Should you put your CSBs into RRSPs?
The Advocate, Wednesday January 10, 1996
The government of Canada has recently been advertising the fact that Canada Savings Bonds are now eligible for your RRSP. But should you put them into your RRSP? Do they really belong in your RRSP?
First, you should understand the real function of RRSPs before you can intelligently answer that question. They began back in the late 1950s to help Canadians save for their retirement by giving them a tax deduction for their contributions and allowing the deposits to grow tax free. The government realized that many people aged 65 and over become dependent on government supplements to live. They become tax dependent. Ottawa felt that if they encouraged Canadians to save for themselves through RRSPs, they would become tax payers instead of tax collectors.
To be able to pay supplements to an aging population the tax paid on RRSP payouts would broaden the tax base. To summarize, RRSPs are long-term vehicles intended primarily for retirement.
What are considered short-term investments and what are considered long-term investments? Short-term investments are usually associated with interest bearing vehicles such as savings bank accounts, certificates of deposit (CDs), guaranteed investment certificates (GICs), T-Bills and Canada Savings Bonds (CSBs).Canada Savings Bonds are not the same as Government of Canada Bonds. Government of Canada Bonds have a capital gains element to them that Canada Savings Bonds do not. Long-term investments include stocks, bonds (not CSBs), real estate, mortgages and equity mutual funds.
We all have short-term needs and long-term needs and appropriate saving vehicles to meet those needs. So let me ask you another question: why would you use an investment considered short term, such as CSBs, to achieve your long term needs (goals)? You need to see past the immediate attractive appeal that putting CSBs in an RRSP seem to have. Compare the long term results of stocks, bonds, T-Bills and mortgages. *An investor who entered the stock market in 1926 and stayed through 1985 would have earned an average real return of 9 per cent annually in stocks, compared with 2 per cent on government bonds, 0.9 percent on T-Bills and 3.4 per cent on mortgages. The relationship holds true for most periods of ten years or more. From 1926 to 1936 stocks had an average annual return of 11.5 per cent compared with 8.6 per cent for government bonds and 5 per cent for T-Bills. The mortgage series did not begin until 1935. (*Market Insights by Seymour Freidland, Financial Times, August 4, 1986).
To be sure, the supremacy of stock yields does not always hold true for shorter periods. But the point is made. The point being that the long-term investor who holds a reasonably well diversified portfolio (equity mutual funds) will always do better in stocks than in the other standard investments. (See my article "Long-Term Investing," March, 1994) or contact me for a copy. The argument is supported by economic theory and, perhaps more importantly, by the facts.

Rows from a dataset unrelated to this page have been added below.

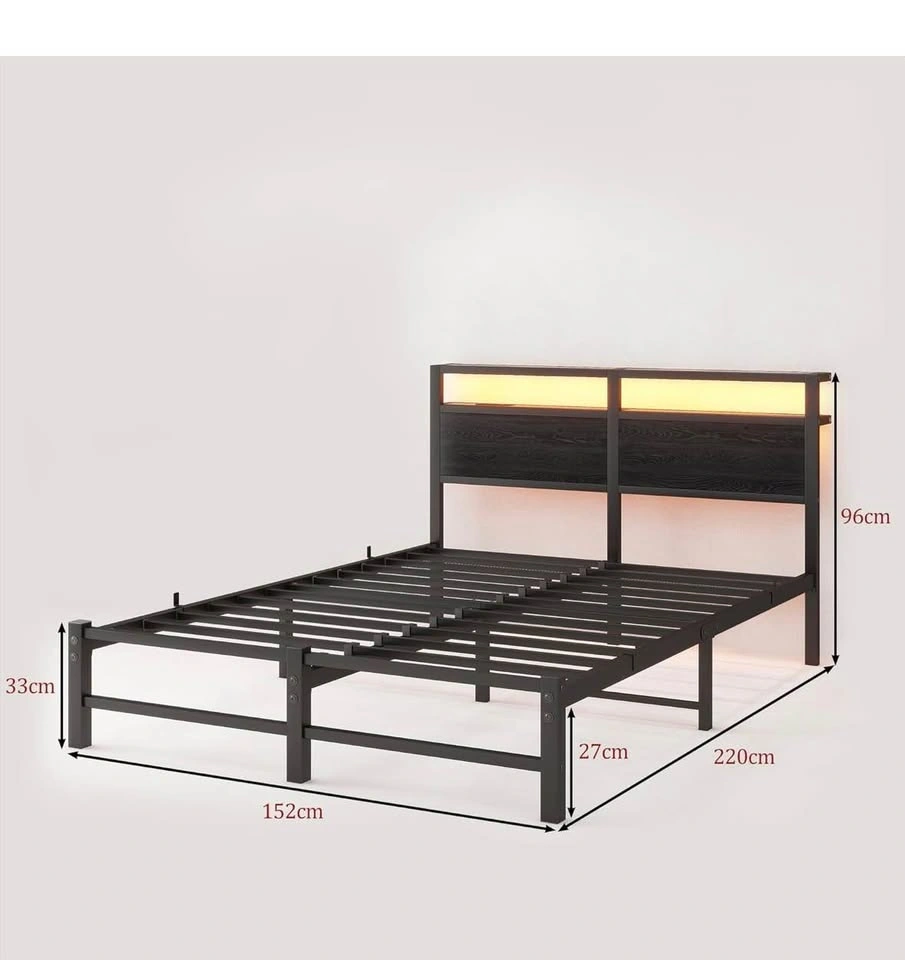 Modern queen bed frame with a black metal frame and a wooden headboard. The headboard has built-in LED lights with a remote control offering over 60,000 colors, adjustable brightness, dynamic modes, music sync, and mic mode. It also includes charging ports: 2 AC outlets and 2 USB ports. Plenty of under-bed storage space with 27cm clearance. Measures 152cm wide by 220cm long. Headboard is 96cm tall, frame is 33cm tall. Let me know if you're interested!
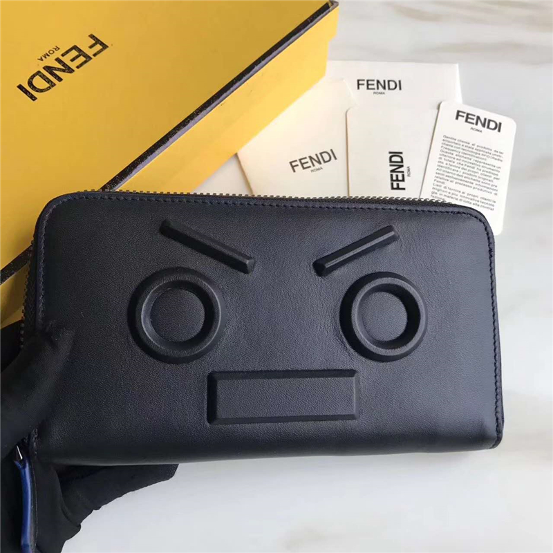 FENDI 芬迪 2017新款 face浮雕同色貼花 三面拉鏈皮夾 啞光黑
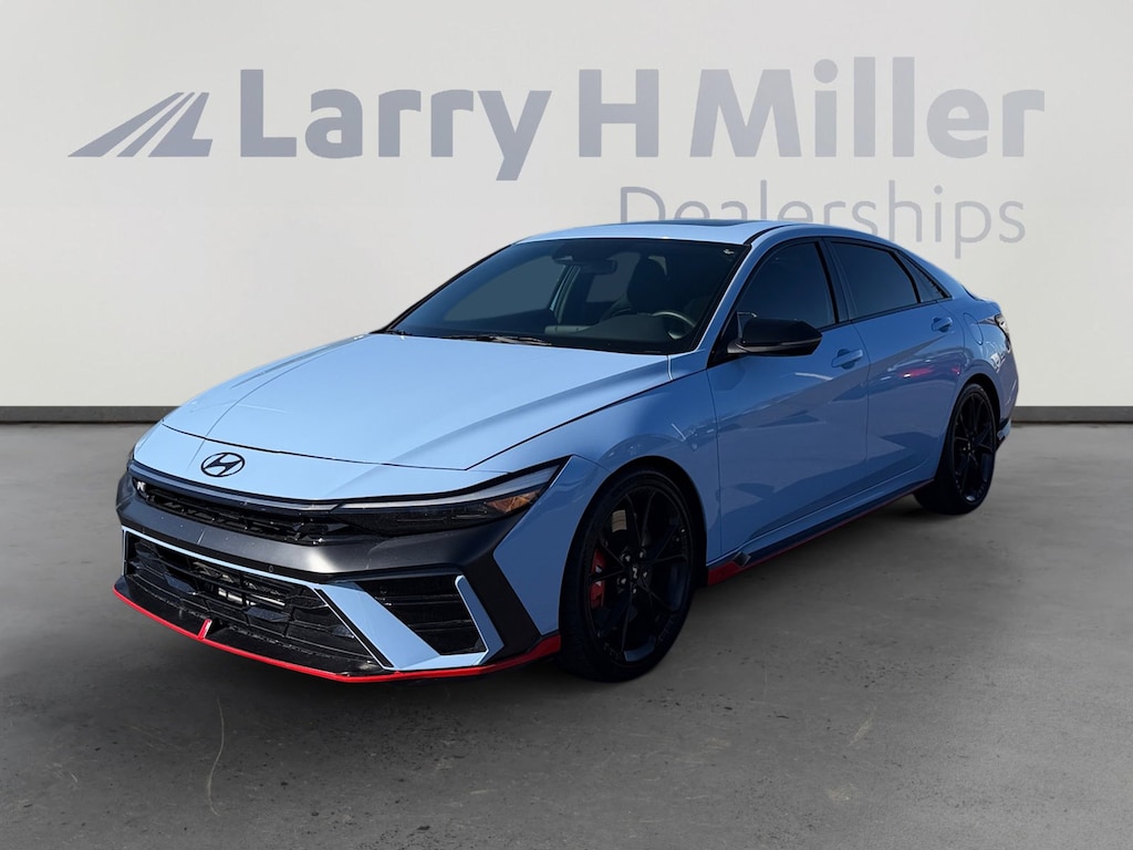 This 2025 Performance Blue Hyundai Elantra N Base FWD is well equipped and includes these features and benefits: Option Group 01, 4-Wheel Disc Brakes, 8 Speakers, ABS brakes, Air Conditioning, Alloy wheels, AM/FM radio: SiriusXM, Apple CarPlay & Android Auto, Auto High-beam Headlights, Automatic temperature control, Brake assist, Bumpers: body-color, Cargo Side Bins, Compass, Delay-off headlights, Driver door bin, Driver vanity mirror, Dual front impact airbags, Dual front side impact airbags, Electronic Stability Control, Emergency communication system, Exterior Parking Camera Rear, First Aid Kit, Four wheel independent suspension, Front anti-roll bar, Front Bucket Seats, Front Center Armrest w/Storage, Front dual zone A/C, Front reading lights, Fully automatic headlights, Heated door mirrors, Heated front seats, Illuminated entry, Leather Shift Knob, Leather steering wheel, Leather-Trimmed with Microsuede Inserts Seat Trim, Low tire pressure warning, N Light Heated Sport Bucket Seats, Navigation System, Occupant sensing airbag, Outside temperature display, Overhead airbag, Overhead console, Panic alarm, Passenger door bin, Passenger vanity mirror, Power door mirrors, Power moonroof, Power steering, Power windows, Radio: Bose AM/FM/HD/SXM Audio System, Rear side impact airbag, Rear window defroster, Remote keyless entry, Security system, Speed control, Speed-sensing steering, Spoiler, Steering wheel mounted audio controls, Tachometer, Telescoping steering wheel, Tilt steering wheel, Traction control, Trip computer, Turn signal indicator mirrors, Variably intermittent wipers, and Wheels: 19 x 8.0 Forged Alloy. 4-Wheel Disc Brakes, 8 Speakers, ABS brakes, Air Conditioning, Alloy wheels, AM/FM radio: SiriusXM, Apple CarPlay & Android Auto, Auto High-beam Headlights, Automatic temperature control, Brake assist, Bumpers: body-color, Cargo Side Bins, Compass, Delay-off headlights, Driver door bin, Driver vanity mirror, Dual front impact airbags, Dual front side impact airbags, Electronic Stability Control, Emergency communication system, Exterior Parking Camera Rear, First Aid Kit, Four wheel independent suspension, Front anti-roll bar, Front Bucket Seats, Front Center Armrest w/Storage, Front dual zone A/C, Front reading lights, Fully automatic headlights, Heated door mirrors, Heated front seats, Illuminated entry, Leather Shift Knob, Leather steering wheel, Leather-Trimmed with Microsuede Inserts Seat Trim, Low tire pressure warning, N Light Heated Sport Bucket Seats, Navigation System, Occupant sensing airbag, Option Group 01, Outside temperature display, Overhead airbag, Overhead console, Panic alarm, Passenger door bin, Passenger vanity mirror, Power door mirrors, Power moonroof, Power steering, Power windows, Radio: Bose AM/FM/HD/SXM Audio System, Rear side impact airbag, Rear window defroster, Remote keyless entry, Security system, Speed control, Speed-sensing steering, Spoiler, Steering wheel mounted audio controls, Tachometer, Telescoping steering wheel, Tilt steering wheel, Traction control, Trip computer, Turn signal indicator mirrors, Variably intermittent wipers, Wheels: 19 x 8.0 Forged Alloy.
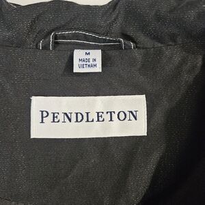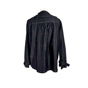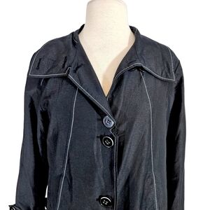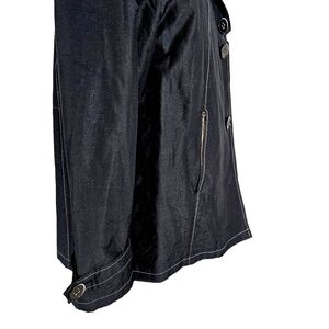 Contemporary Pendleton black sparkly trench coat swing jacket. Large buttons on front, contrasting stitch seams, button belted trim at the sleeves. A classic style with the just the right amount of contemporary finishes. A great season transition jacket, easy to throw on on cooler days to add style. Excellent condition.
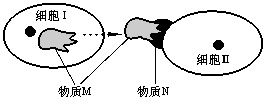 下图表示两细胞间发生某种信息传递的过程。细胞I、II以及物质M、N的名称与图示含义相符的是 ( )
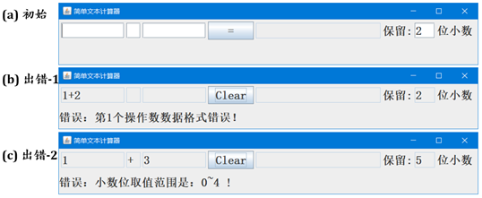 本例定义了三个异常类,当操作数/符文本框为空时抛出NoneException异常,当运算符多余一个字符或是不包含+-*/时抛出OpCharException异常,在小数位整数超出[0-4]范围时抛出DotNumberException异常。将文本框中的字符串转换成double/int时可能发生数据格式异常NumberFormatException,在捕获后重新创建(以便填入中文信息)并抛出,类似处理的还有ArithmeticException(除零异常)。上述异常的创建和外抛放置在getDouble(…)、getInt(…)、getChar(…)、compute(…)等方法中。
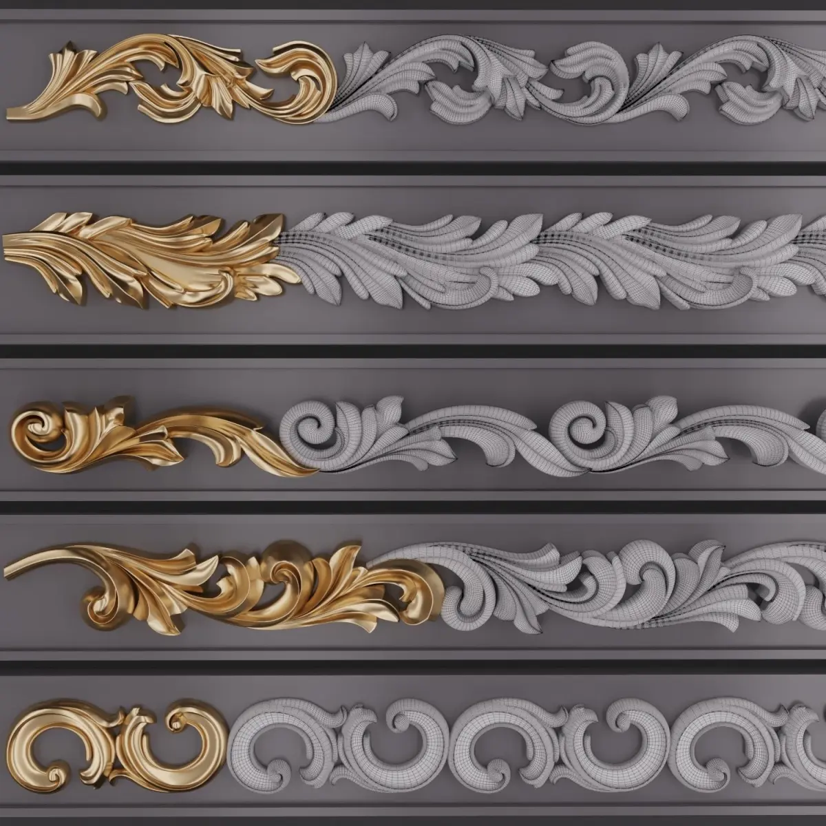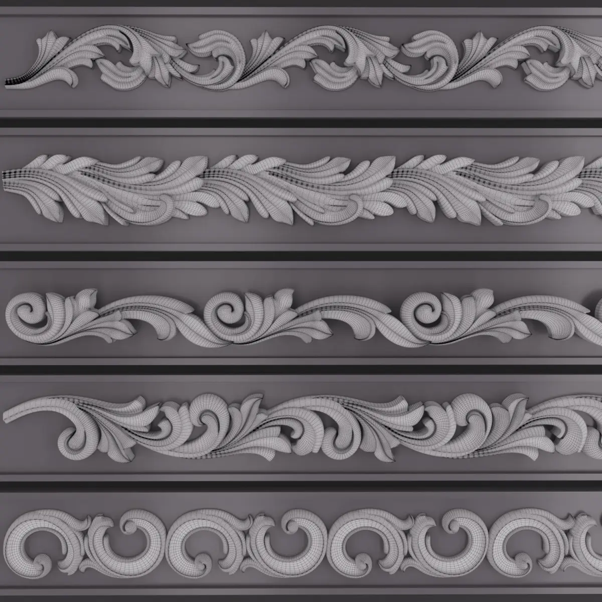 This Product include 5 TrimOrnaments for use any 3d software (3dmax, maya, blender, C4D, ...) I've made three previews for 3dmodels and Trim Point in previews too.
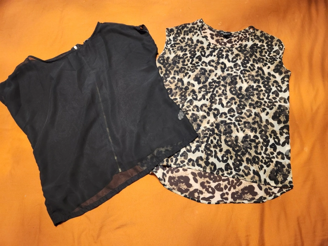 Leopard Print Blouse & Black Blouse - Size Small
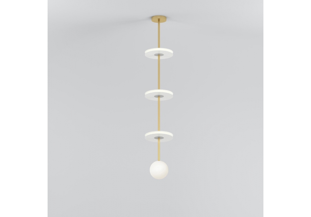 Discs Stacks Long designed by Atelier Areti is a pendant lamp made of brushed brass and a white glass globe. Available with brass or white acrylic discs.
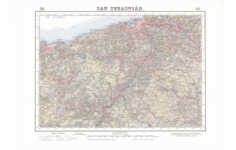 San Sebastián 64 [Material cartográfico] Dirección General del Instituto Geográfico y Catastral. Escala 1:50.000 (W 2°11'14"-W 1°51'14"/N 43°20'00"-N 43°10'00") Dirección General del Instituto Geográfico y Catastral, Madrid, 1953
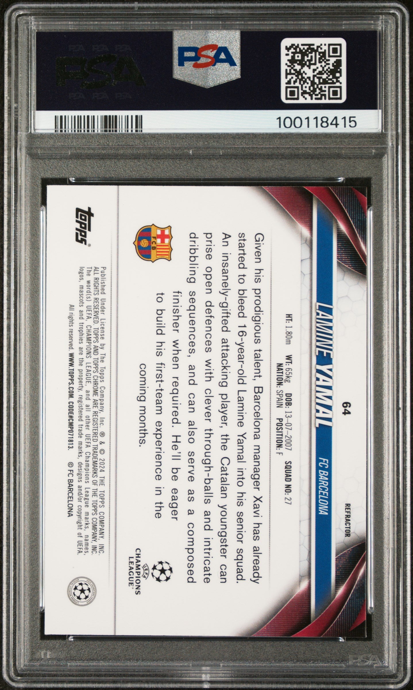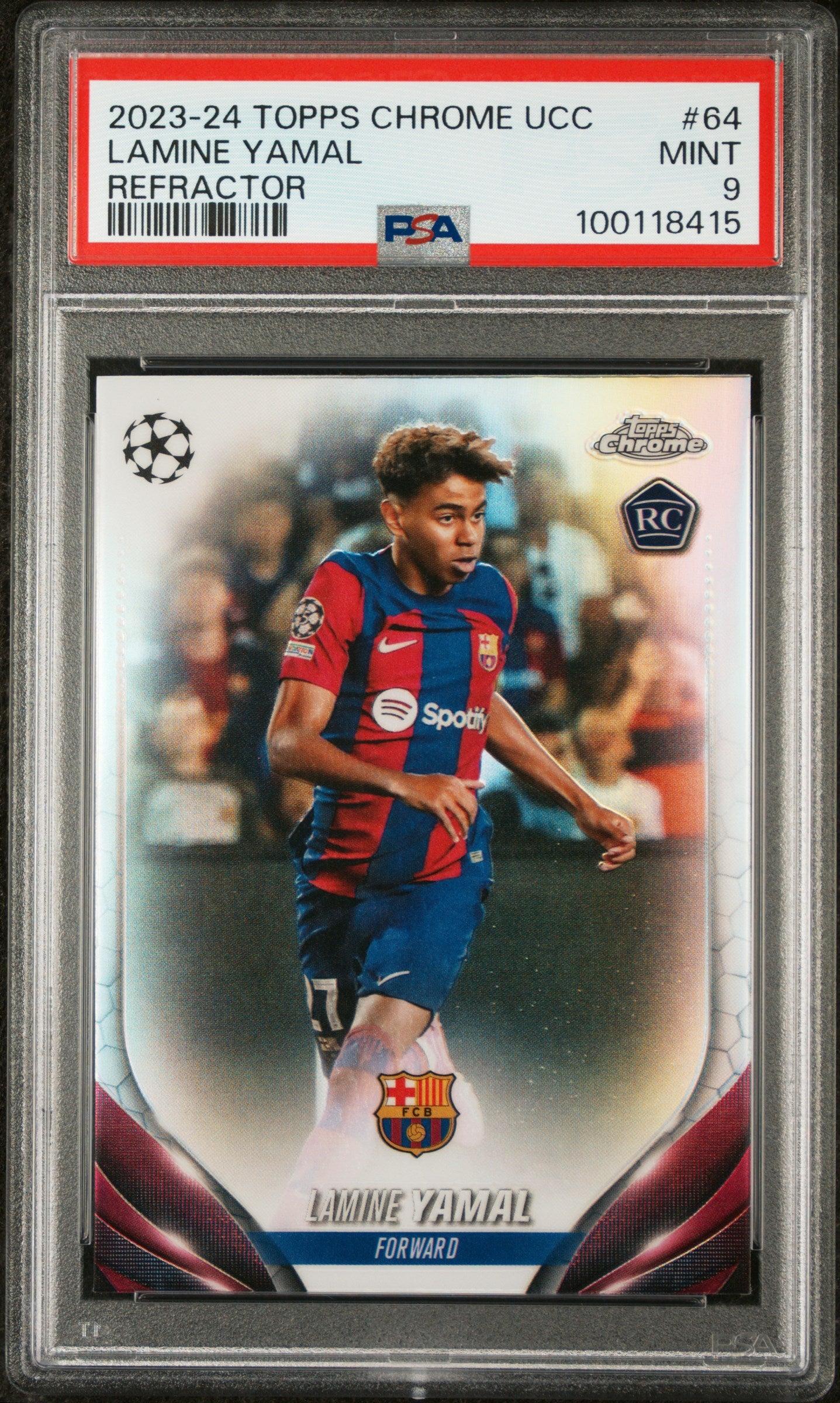 2023-24 TOPPS CHROME UEFA CLUB COMPETITIONS #64 LAMINE YAMAL REFRACTOR PSA 9
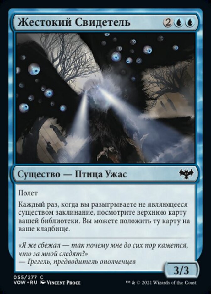 | Rules | Flying Whenever you cast a noncreature spell, look at the top card of your library. You may put that card into your graveyard. |
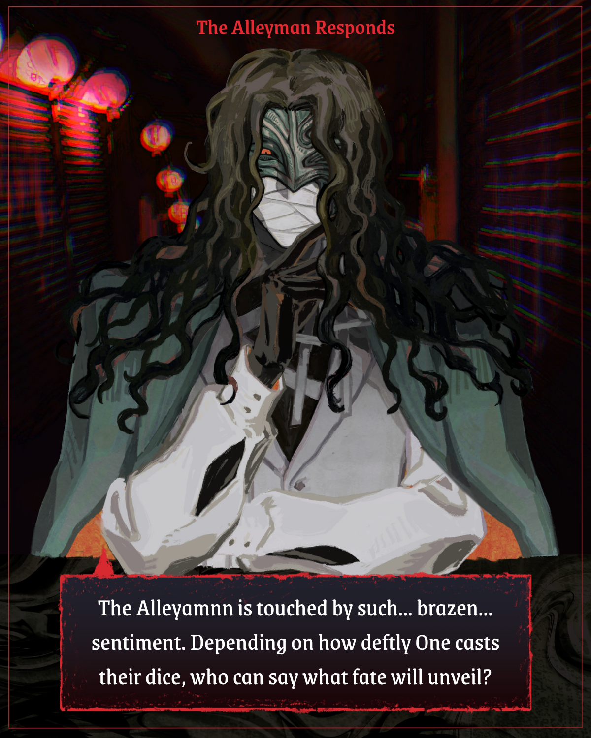 In a final bid to cheat death, you challenge The Alleyman to a high-stakes dice game where every roll could be your last.
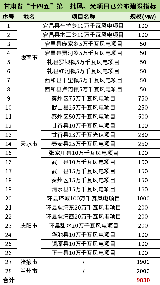 /风电头条(wind-2005s)通过梳理,截止到目前,天水、兰州、张掖、庆阳、陇南五地下发“十四五”第三批新能源项目竞配方案,规模累计达9030MW。
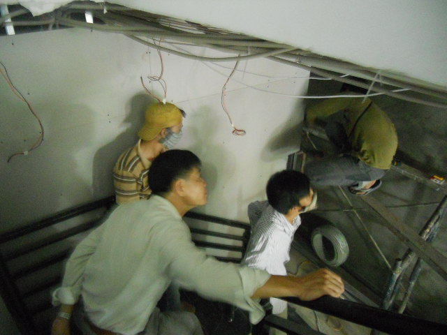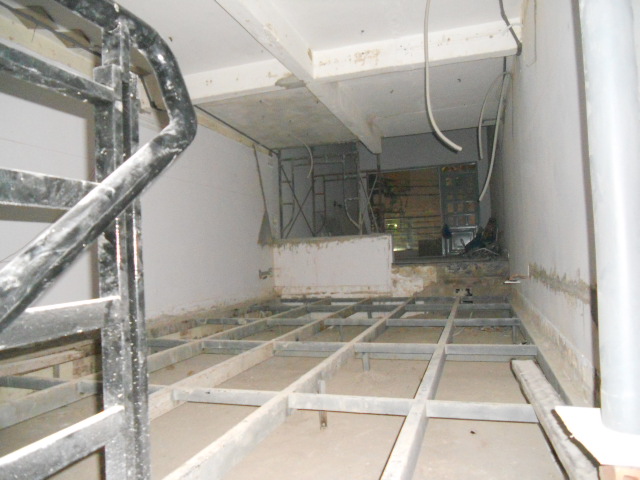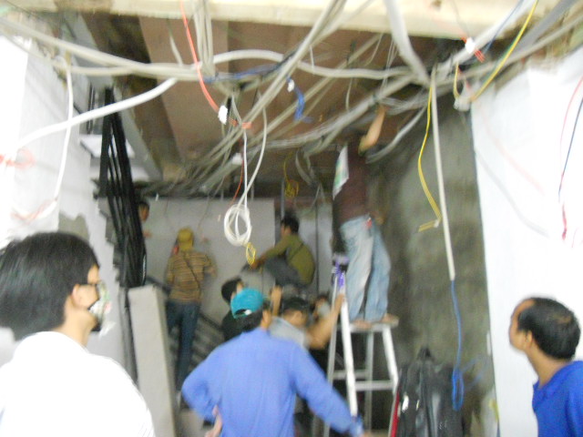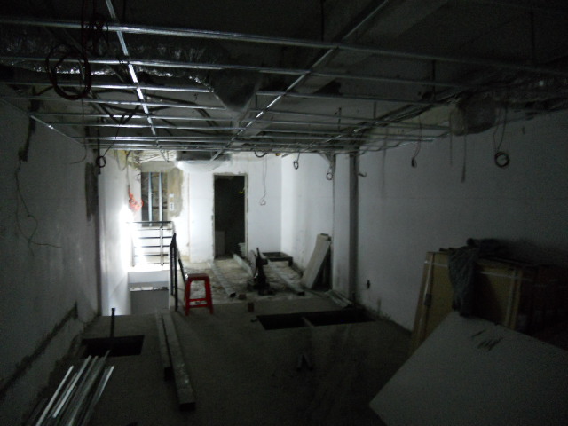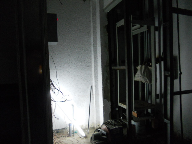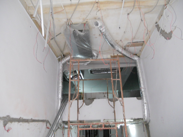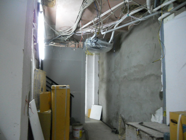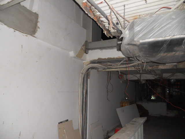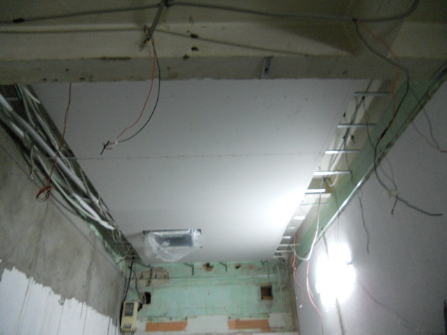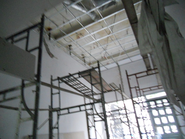 本日、工事の様子。天井に工事が始まった。相変わらず階段が取り外されていて上へ行けない。

While economists have very little to say to speculators, they have a powerful message to give to those who want to make money over long periods of time. Like most great messages, it is simple: "Large returns go to those with patience and a diversified stock portfolio." With an understanding of this, why would you put short-term savings (CSBs) into a long-term savings vehicle such as an RRSP? I realize that interest is sheltered from tax inside an RRSP. But should that be your only concern? Isn't total overall return far more important?
For example, $1000 invested at the beginning of every year for 20 years at 7 per cent would be $47,734.86 and in 30 years it would be $108,685.30. At 12 per cent in 20 years it would be $80,413 and 30 years, $290,788. That represents $182,103 more after 30 years. Clearly, making 5 per cent more is what is the most important. This can be achieved by equity mutual funds inside your RRSP, not CSBs. As long-term investments, Canada Savings Bonds just don't measure up.
But don't get me wrong. I think that Canada Savings Bonds have their place, but it's not inside your RRSP.